▶ [What you have to do]: Reproduce the listing below character for character; drop every image.

▶ [Recorded information]:
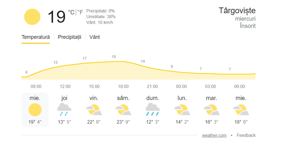 Târgoviște: 19 grade Celsius, Precipitații: 10%, Umiditate: 38%, Vânt: 8 km/h
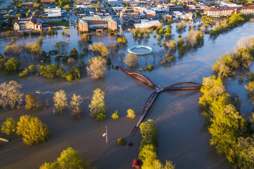 In May 2020, two dams failed on the Tittabawassee River northwest of Midland, MIchigan, flooding the town.
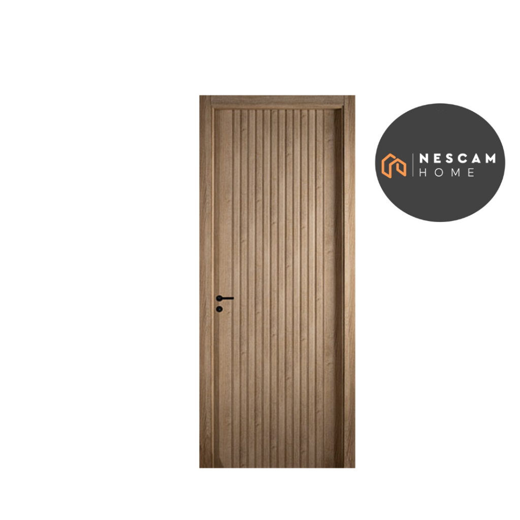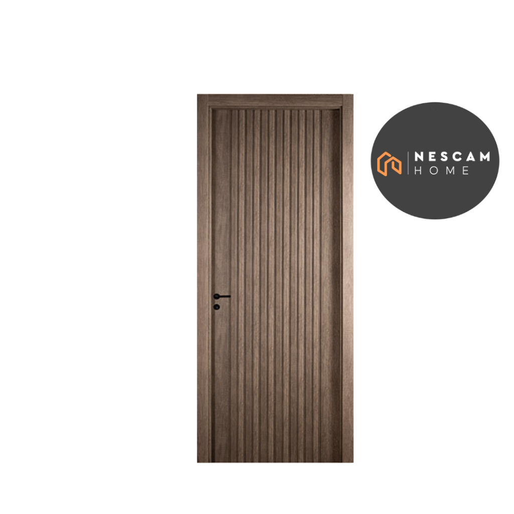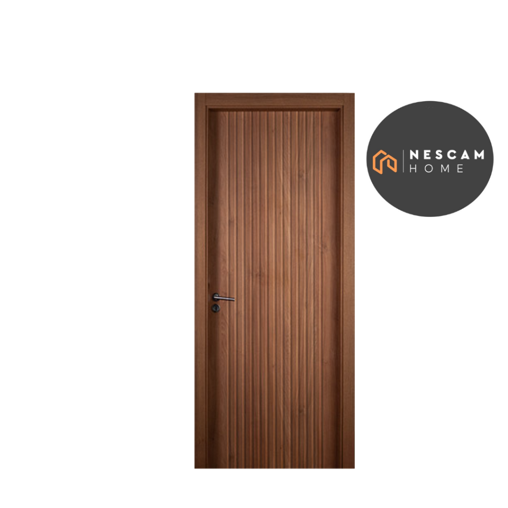 Caras con listones finos de MDF de 12 mm, recubiertas con un foil melamínico con textura simil madera.

▶ [Answer to this problem]:
 Târgoviște: 19 grade Celsius, Precipitații: 10%, Umiditate: 38%, Vânt: 8 km/h
 In May 2020, two dams failed on the Tittabawassee River northwest of Midland, MIchigan, flooding the town.
 Caras con listones finos de MDF de 12 mm, recubiertas con un foil melamínico con textura simil madera.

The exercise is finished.